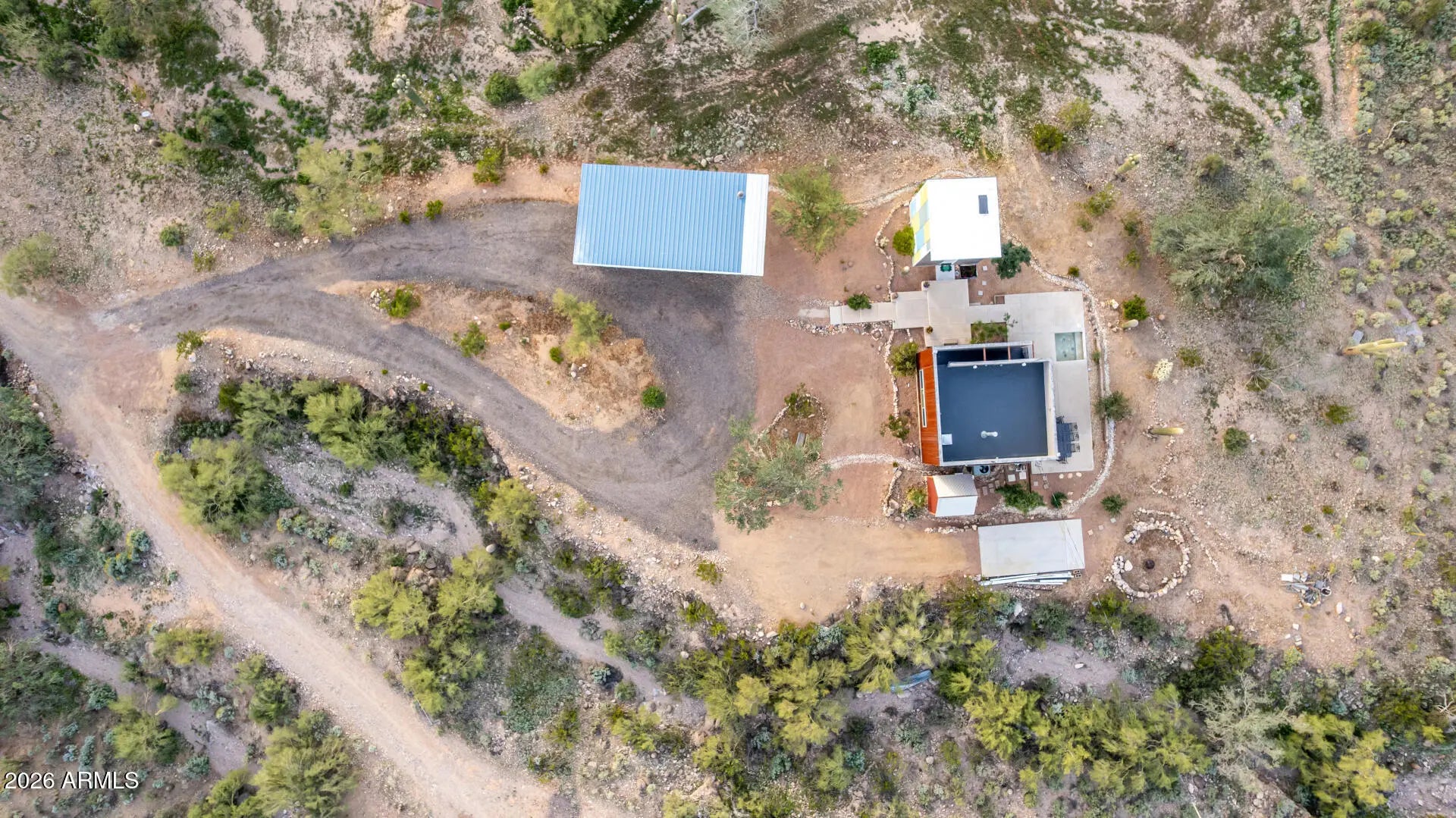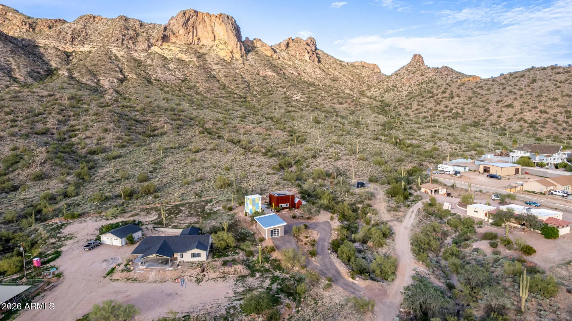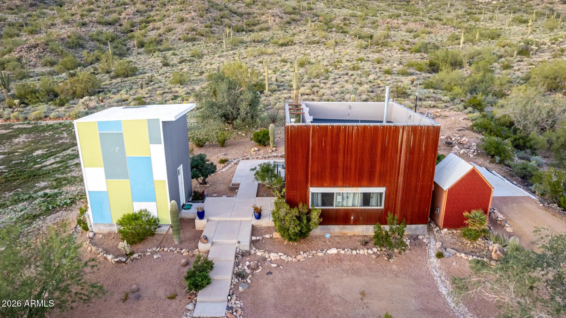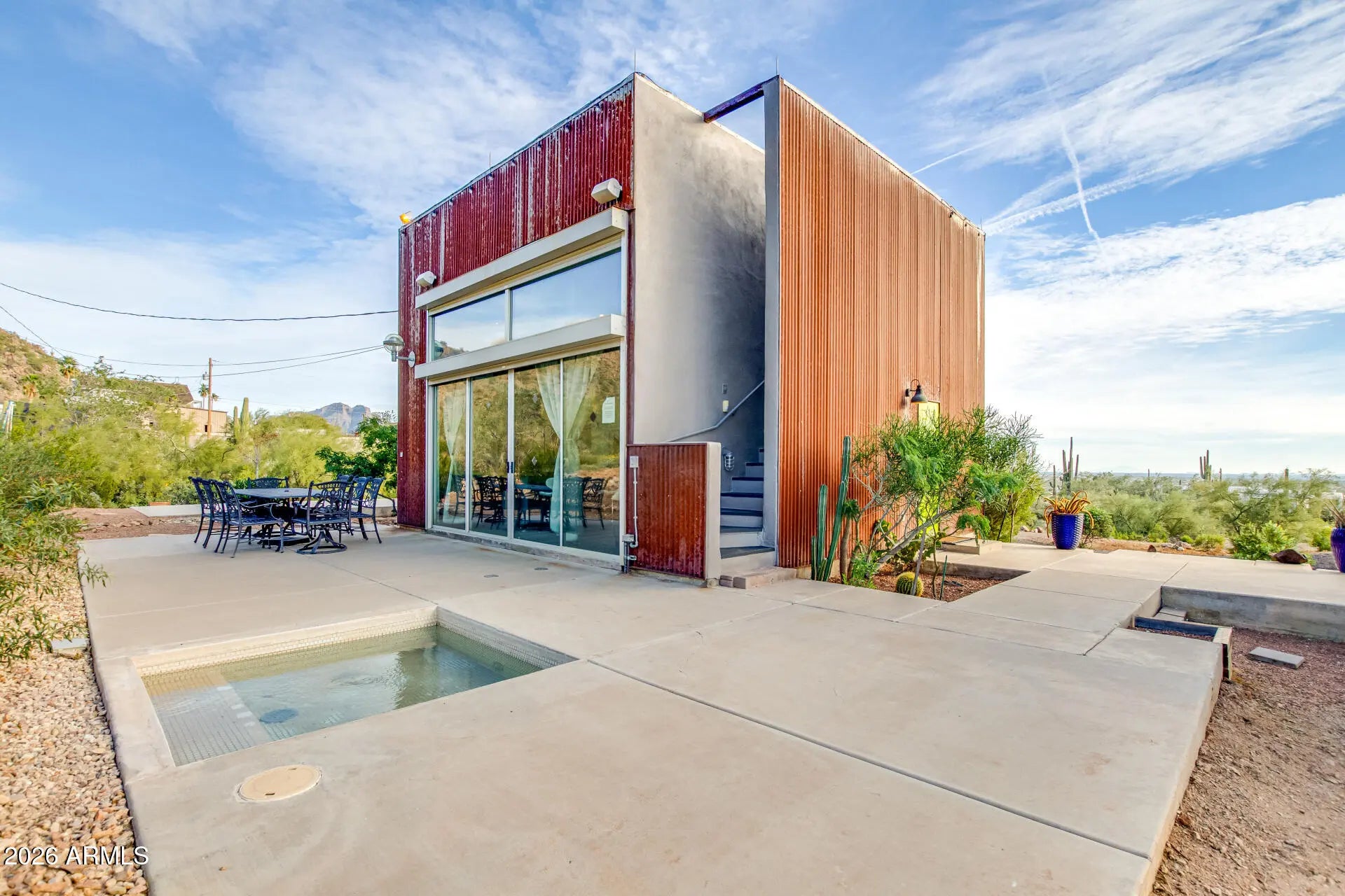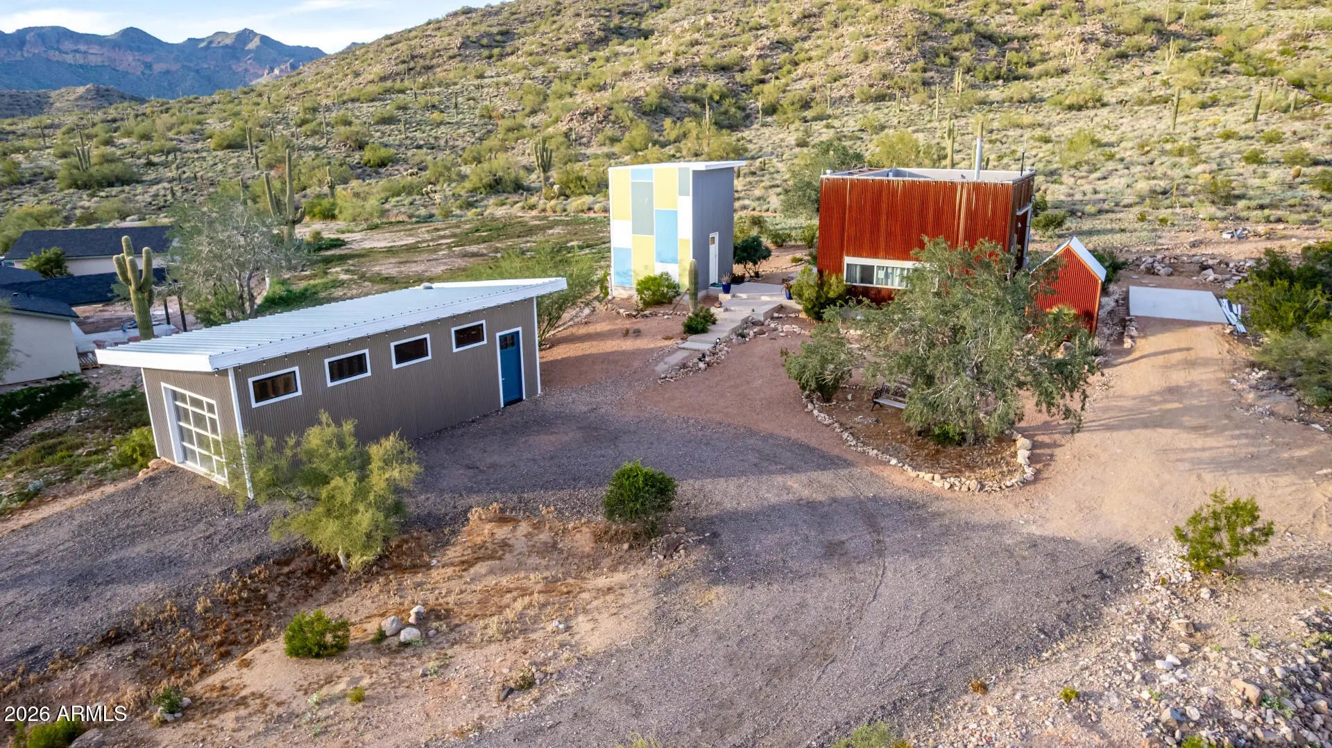 Architectural Desert Compound | Backs to National Forest Featured in Urban Home Magazine, this industrial retreat borders the National Forest with stunning valley and city light views. There were engineered plans for expansion. MAIN STUDIO: Modern studio w/ soaring ceilings, gas fireplace, & open kitchen. Features floor-to-ceiling glass w/ motorized steel security shutters. Spa bath w/ Jacuzzi, steam shower, & skylight. Roof is a full walk-on observation deck for stargazing. GUEST HOUSE: Unique colored tower w/ kitchen, bath, living, & upstairs bed. Mini-split AC. GARAGE & MORE: 35'x17' separate garage w/ electric, water, & septic access. Private dipping pool, north-side patio, & laundry shed. An artist's dream sanctuary with unmatched privacy and high-design efficiency. High on the forestry fence line. Backs right up to the Tonto National Forest with fantastic views of the Goldfield Mountains and the Superstition Mountains. Fantastic views of valley wide and unbelievable valley night lights.
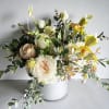 Designed in a modern white ceramic vessel, this garden-style arrangement features a curated blend of buttery garden roses, creamy ivory blooms, delicate yellow accents, and seasonal specialty florals, thoughtfully layered with airy greenery and gentle draping foliage. The color palette is light, natural, and refined—bringing a sense of calm elegance and organic movement to any space.
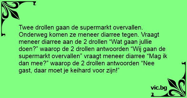 Twee drollen gaan de supermarkt overvallen. Onderweg komen ze meneer diarree tegen. Vraagt meneer diarree aan de 2 drollen “Wat gaan jullie doen?” waarop de 2 drollen antwoorden “Wij gaan de supermarkt overvallen” vraagt meneer diarree “Mag ik dan mee?” waarop de 2 drollen antwoorden “Nee gast, daar moet je keihard voor zijn!”

What to work on >>
Return the material from above in full, exactly as written, with the pictures omitted.

Your response >>
 Architectural Desert Compound | Backs to National Forest Featured in Urban Home Magazine, this industrial retreat borders the National Forest with stunning valley and city light views. There were engineered plans for expansion. MAIN STUDIO: Modern studio w/ soaring ceilings, gas fireplace, & open kitchen. Features floor-to-ceiling glass w/ motorized steel security shutters. Spa bath w/ Jacuzzi, steam shower, & skylight. Roof is a full walk-on observation deck for stargazing. GUEST HOUSE: Unique colored tower w/ kitchen, bath, living, & upstairs bed. Mini-split AC. GARAGE & MORE: 35'x17' separate garage w/ electric, water, & septic access. Private dipping pool, north-side patio, & laundry shed. An artist's dream sanctuary with unmatched privacy and high-design efficiency. High on the forestry fence line. Backs right up to the Tonto National Forest with fantastic views of the Goldfield Mountains and the Superstition Mountains. Fantastic views of valley wide and unbelievable valley night lights.
 Designed in a modern white ceramic vessel, this garden-style arrangement features a curated blend of buttery garden roses, creamy ivory blooms, delicate yellow accents, and seasonal specialty florals, thoughtfully layered with airy greenery and gentle draping foliage. The color palette is light, natural, and refined—bringing a sense of calm elegance and organic movement to any space.
 Twee drollen gaan de supermarkt overvallen. Onderweg komen ze meneer diarree tegen. Vraagt meneer diarree aan de 2 drollen “Wat gaan jullie doen?” waarop de 2 drollen antwoorden “Wij gaan de supermarkt overvallen” vraagt meneer diarree “Mag ik dan mee?” waarop de 2 drollen antwoorden “Nee gast, daar moet je keihard voor zijn!”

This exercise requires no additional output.